|

Sinemayı aslında ben icat edecektim

Küre Yayınları'nın Yönetmen Sineması serisinden çıkan Ahmet Uluçay ve Semih Kaplanoğlu kitapları, yerli ve yeni sinemaya dair çok şey söylüyor

Aysel Yaşa
00:00 - 12/01/2011 Çarşamba
Güncelleme: 23:35 - 11/01/2011 Salı
Yeni Şafak
Sinemayı aslında ben icat edecektim
Sinemayı aslında ben icat edecektim

Ayşe Pay tarafından hazırlanan ve Küre Yayınları tarafından yayımlanan Yönetmen Sineması serisine iki yeni kitap eklendi. 2009 yılında kaybettiğimiz Ahmet Uluçay ve Altın Ayı ödüllü yönetmen Semih Kaplanoğlu'nun sinemasına her perdeden bakan kitaplarda, yönetmenlerle yapılmış söyleşilerin yanı sıra, yönetmen sinemasına dair değerlendirme yazıları da bulunuyor. İhsan Kabil'in dizi editörlüğünü yaptığı Yönetmen Sineması Ahmet Uluçay kitabı, Kütahya'da sinemaya emek veren 'Keloğlan'ın hikayesiyle başlıyor. Kısa metrajlı birçok filmi bulunan ve tek uzun metrajı Karpuz Kabuğundan Gemiler Yapmak filmi olan yönetmenin tüm imkansızlıklara rağmen sinema için attığı önemli adımlara değiniliyor. Yönetmenle anılan yerli sinemaya dair değerlendirme yazılarının bulunduğu kitapta sinema, Uluçay'ın Leyla'sı olarak tanımlanıyor. Kitabın söyleşi bölümünde ise 'Sinemayı aslında ben icat edecektim' diyen Uluçay'ın Türk sinemasının geleceğine dair kurduğu şu cümleler yer alıyor: “Zeki Demirkubuz, Nuri Bilge Ceylan ve belki bir iki arkadaş daha onunla beraber Türk sinemasını götürür. Onları gördüm ya, artık gözüm arkada kalmaz. Türk sineması iyi bir yere gidiyor”.

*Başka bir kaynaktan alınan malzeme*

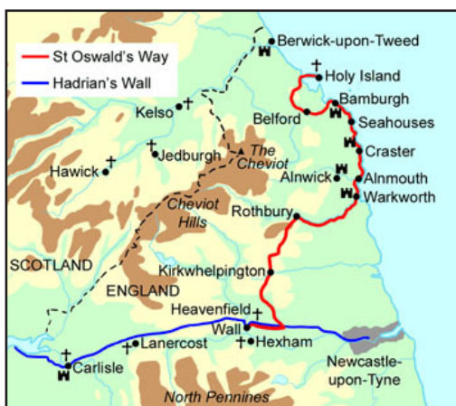
Τὸ ὁδοιπορικὸ τοῦ Ὁσίου Ὁσουάλδου.

Τῷ δὲ ἐν Τριάδι Παναγίῳ Θεῷ, τῷ ἐνδοξαζομένῳ ἐν τοῖς Ἀγίοις Αὐτοῦ, προσκύνησις καὶ εὐχαριστία, εἰς τοὺς αἰῶνας τῶν αἰώνων. Ἀμήν!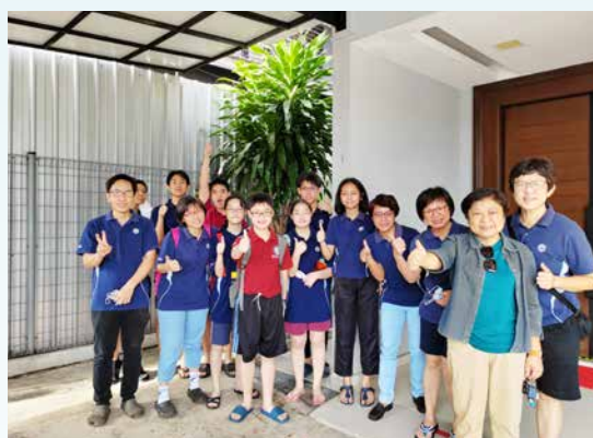
三月七日，大马堂赈灾队前往哥打丁宜进行赈灾。

此外，拉美士荣美教会、永平堂和峇株吧辖救恩堂先后成为赈灾基地，永平堂甚至组织十五至十七人的后援团队，预备午餐和晚餐给协助清洗的义工和灾黎。

Yeni Türk sineması ona müteşekkir

Aynı seriden çıkan Semih Kaplanoğlu kitabında ise yönetmenin sinemasında 'ana rahmi' olarak tanımlanan Herkes Kendi Evinde filminden, Altın Ayı ödüllü Bal'a kadar olan süreç irdeleniyor. Yusuf Üçlemesi'yle dikkatleri üzerine çeken ve yerli sinema noktasında farklı perspektifler sunan yönetmenin sinema serüveni de oldukça ilginç. Kitapta yer alan değerlendirme yazılarının çoğu da bu ilerle sürecine odaklanmış, Kaplanoğlu'nun tek tek tüm filmlerini irdeleyen cümlelerden oluşuyor. Yeni Türk Sineması'na çektiği filmlerle katkı sağlayan Kaplanoğlu filmlerinin çoğunda ev, aidiyet ve kaybolma süreçlerini işler. Kaplanoğlu sinemasında önemli sayılan bir diğer konu ise Allah inancıdır. “Allah rızası için film yapıyorum” diyerek amacını açıklayan Kaplanoğlu'nun kullandığı soyut dili ve sinemada sadeliğini de bu cümle üzerinden açıklayabiliriz. İşte kitapta da bu bağlı kalınan kavramlar üzerinden Kaplanoğlu sineması masaya yatırılıyor. Hasta olan Türk sinemasının bu masada kurtulacağına inananların desteklediği Kaplanoğlu, görünen o ki, şiirlerden öğrendiği sadeleşme disiplinini artırarak sinema yapmaya devam edecek.